Demônios do dia a dia
Era como uma constante imutável, um estado intrínseco ligado ao ser ou uma correnteza que jamais poderia ir contra. Não estava bem, por vários motivos, e sempre chegava em casa cansada. Aliás, exausta seria a palavra mais adequada para defini-la. Inúmeros eram seus problemas e em sua mente parecia haver um turbilhão, tamanha era a desordem mental em que se encontrava; porém, sem saber como, conseguia se manter firme diante tudo que lhe ocorria, que era como se fosse um novo e permanente normal, que não se recordava quando havia começado em sua vida. Era o estresse do trabalho, por conta da pressão e de alguns colegas indesejáveis; o relacionamento, que parecia ser mais um que iria naufragar; problemas familiares, pois, por mais que optasse por se abster dessa questão, sempre havia os respingos habituais; a vizinhança, que começava a irritá-la por questões rotineiras; o dinheiro, que parecia não dar para nada, suprindo apenas o básico; e claro, o maldito trânsito que enfrentava no abarrotado transporte público, tanto para ir como para voltar do trabalho. Talvez ela pudesse escrever um livro só relatando as coisas que a estava exaurindo. Sabia que boa parte dos seus problemas também eram uma constante na vida da maioria das pessoas, mas só conseguia pensar no seu próprio caso, afinal, como se preocupar ou ajudar alguém quando não se está bem e mal consegue ser o suficiente para si mesma? Era um questionamento frequente que, por mais incomodo que a causasse, lhe trazia certa dose de conforto, pois, assim não poderia se culpar. A rotina maçante não apresentava sinal de melhoras ou até de alguma mudança; e os questionamentos gritavam em sua mente: meu Deus, quando tudo isso irá passar? Se é que vai passar... Será que esses problemas e toda essa correria são, de fato, meu novo normal? Quando é que tudo isso começou?
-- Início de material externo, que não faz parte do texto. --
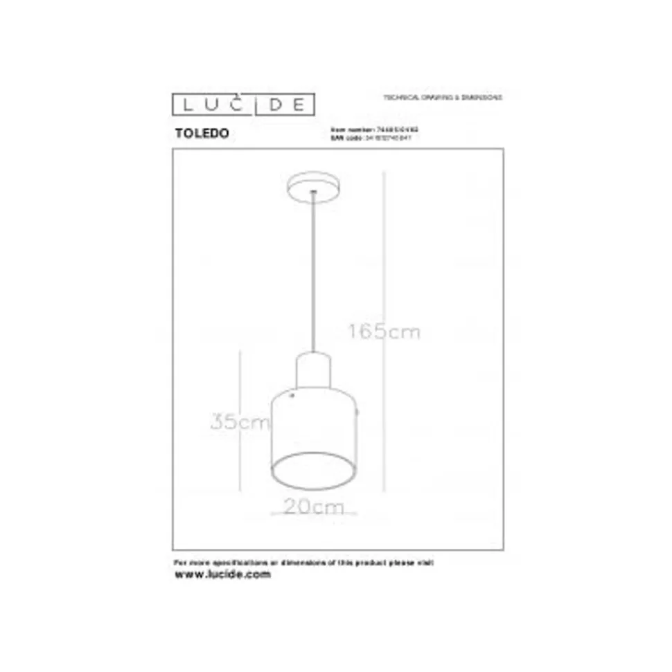 Lucide TOLEDO Hanglamp E27/60W Koper / Amber glas

Em casa após o dia de trabalho, fazia contagem das horas que poderia dormir até ter que despertar de madrugada para começar tudo de novo; e sempre ficando na espera do único, mísero e insuficiente dia de folga para poder descansar. Sempre fazia os afazeres o mais rápido que podia e após fazer uma breve arrumação na casa e a comida que levaria na marmita para o dia seguinte, tomava um banho e, enfim, deitava na cama; onde passava um tempo vendo séries ou interagindo nas redes sociais até pegar no sono. Quase sempre era assim, mas antes de dormir em definitivo, ficava pensando na vida e em como o tempo parecia passar mais rápido que outrora, e tinha a impressão que os dias pareciam estar se comprimindo, não sobrando tempo para a vida fora do trabalho. O cansaço extremo seria por conta de tudo que passava ou teria algo além? Sentia um peso sobre si, como se alguém estivesse montado em suas costas e, muitas vezes, ao longo do dia, fechava os olhos longamente após lutar para mantê-los abertos. Lhe faltava cuidar com afinco do seu lado espiritual? Ela sabia que sim, mas com a sonolência, as luzes apagadas e os pensamentos mergulhados nos problemas, nunca conseguia raciocinar de maneira coerente sobre esse assunto ou qualquer outro que fosse, pois, seu cérebro já entrava em 'modo de descanso' nesses momentos que antecediam o sono. Costumava ficar de bruços, balançando um dos braços para fora da cama até dormir e, às vezes, tocava o chão gelado, que era uma preparação para receber o toque daquelas mãos gélidas pertencentes aos braços esqueléticos que saíam debaixo de sua cama para lhe tocar. Não se importava e nem se assustava, apenas acariciava uma a uma, chegando, em alguns momentos, a entrelaçar seus dedos nos dedos esguios e compridos das mãos gélidas. Ficando assim até dormir em definitivo.
Não estava bem, mas estava ficando bem, afinal, mesmo não podendo afirmar a veracidade do que lhe ocorria pouco antes de dormir, ela estava se acostumando a ter que lidar com os demônios do dia a dia. Será que eram eles que estavam ali tocando nela, fazendo companhia até na hora de dormir, para lembrar que não seria possível se desvencilhar dos problemas? Não saberia responder, mas sabia que tudo o que vivia e a afligia estava sendo o seu novo normal, uma constante que não enxergava soluções para mudar; e parecia que, após muito relutar, aceitaria dançar com os demônios do dia a dia.